Stephen Rea and Brian Friel
Stephen Rea and Brian Friel Stephen Rea and Brian Friel

WRITER Seamus Deane said his friend Brian Friel helped bring theatre to a wider audience.

Deane is a director of the Derry based Field Day Theatre Company, which was founded by Friel and Belfast-born actor Stephen Rea in 1980.

“The theatre toured and travelled to every part of Ireland, not only to theatres but to school halls and community halls," Deane said.

"In many cases people came and saw professional theatre for the first time and were enthused by it.

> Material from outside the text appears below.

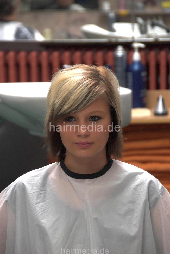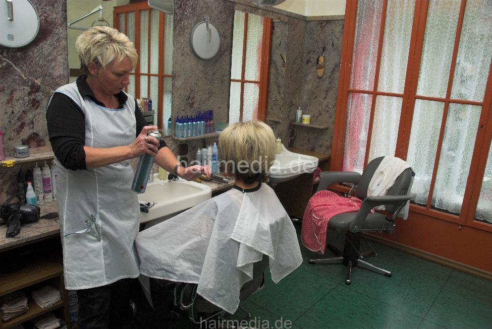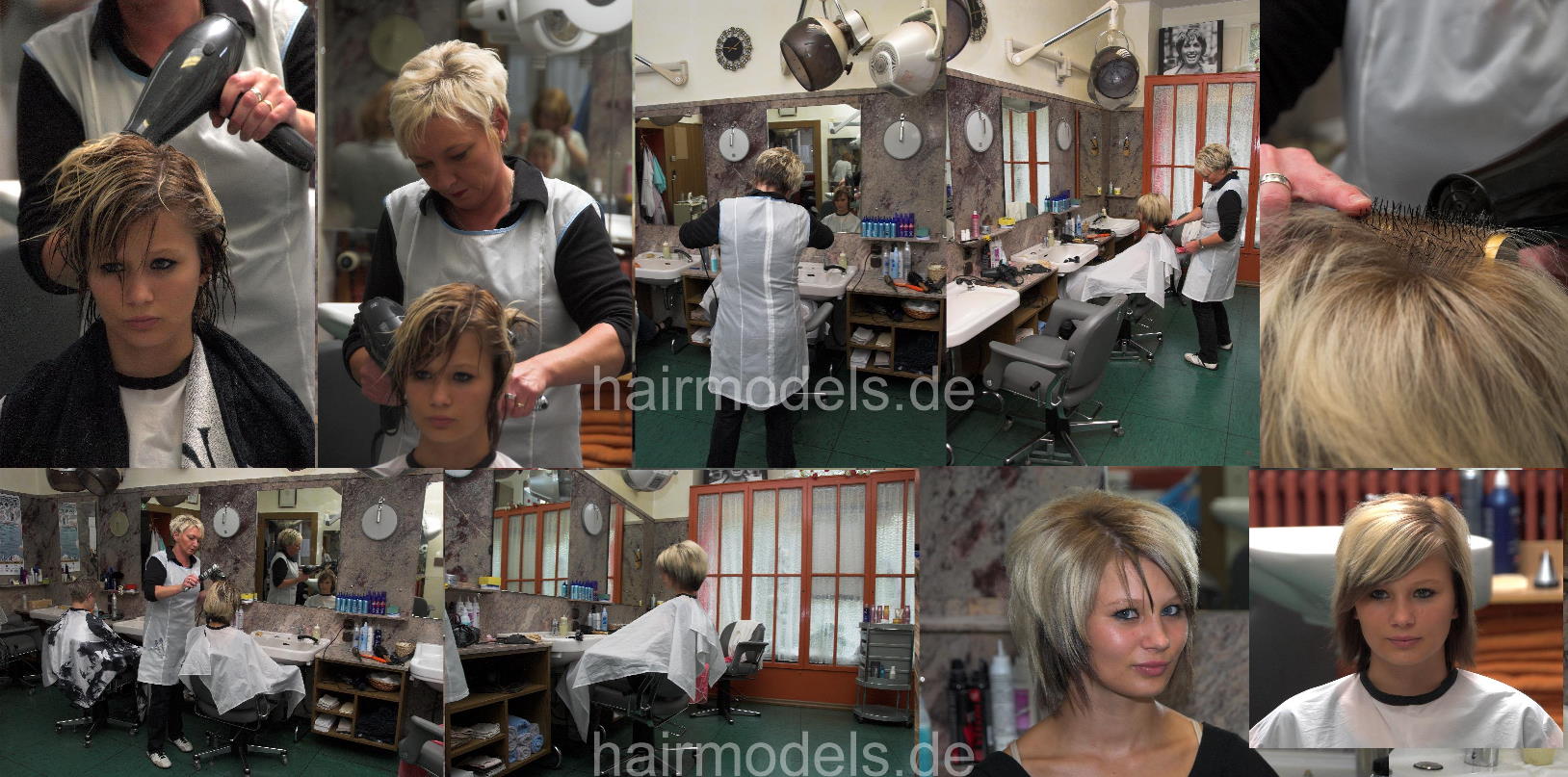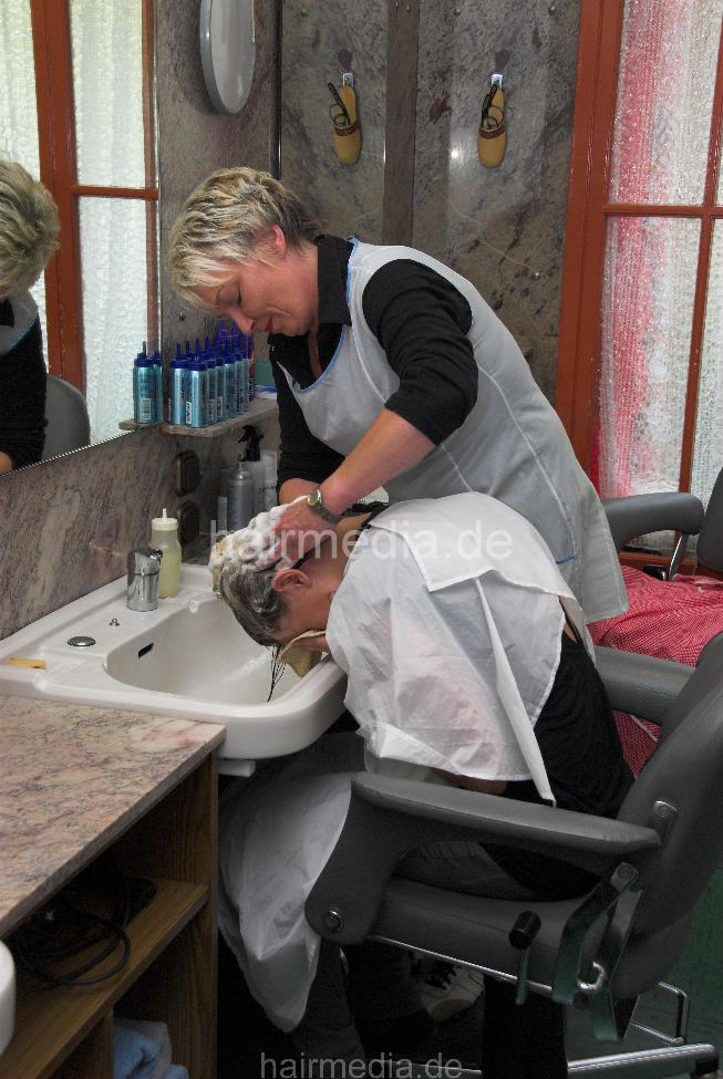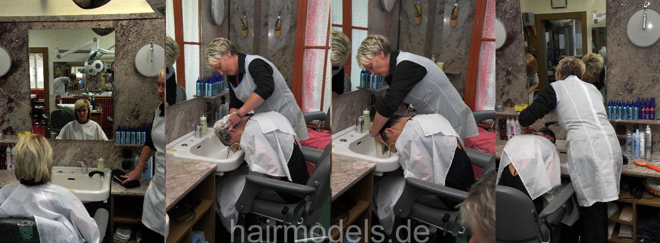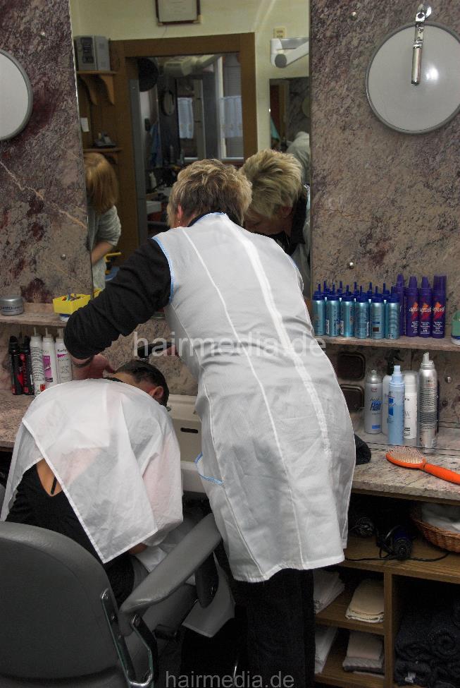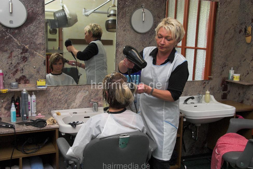 b011 Teen Jessi strong forward wash and blow by mom in white apron in vintage salon

“Brian and Stephen both felt that they were doing what theatre was supposed to do, which was engage with, stimulate and be stimulated by an audience.”

Deane said that the theatre company and his writing enabled Friel to observe and analyse “the deforming effects of authority both on the authority itself and those upon whom it was exercised”.

Field Day’s first production was of Friel’s play Translations. Performed in Derry’s Guildhall on September 23 1980, the cast included Liam Neeson, Mick Lally and Rea.

Deane said that the Guildhall was deliberately chosen as the venue for the "symbolic power of the building".

“It was the centre from which the gerrymandering system had been run and it was the centre of exclusion and of unionist power," he said.

“It was deliberately chosen as a repudiation of that and a replacement of it.”

Deane visited his friend at his Donegal home recently said that although Friel had been “fading fast” due to illness, he preferred to remain at home rather than undergo lengthy treatment in hospital.

“He felt much better and more peaceful at home and as far as we could tell he wasn’t, thank heavens, in frequent pain,” he said.

Rea last night said Friel was "irreplaceable".

He said although writers including Seamus Heaney, Tom Kilroy, David Hammond and Tom Paulin were involved in Field Day, Friel was the "central driving force".

"His power and persistence, his intelligence and humour, his enormously generous hospitality and friendship informed all of our activities," he told The Irish Times.

"And I always valued, and will miss, his tough, shrewd judgment."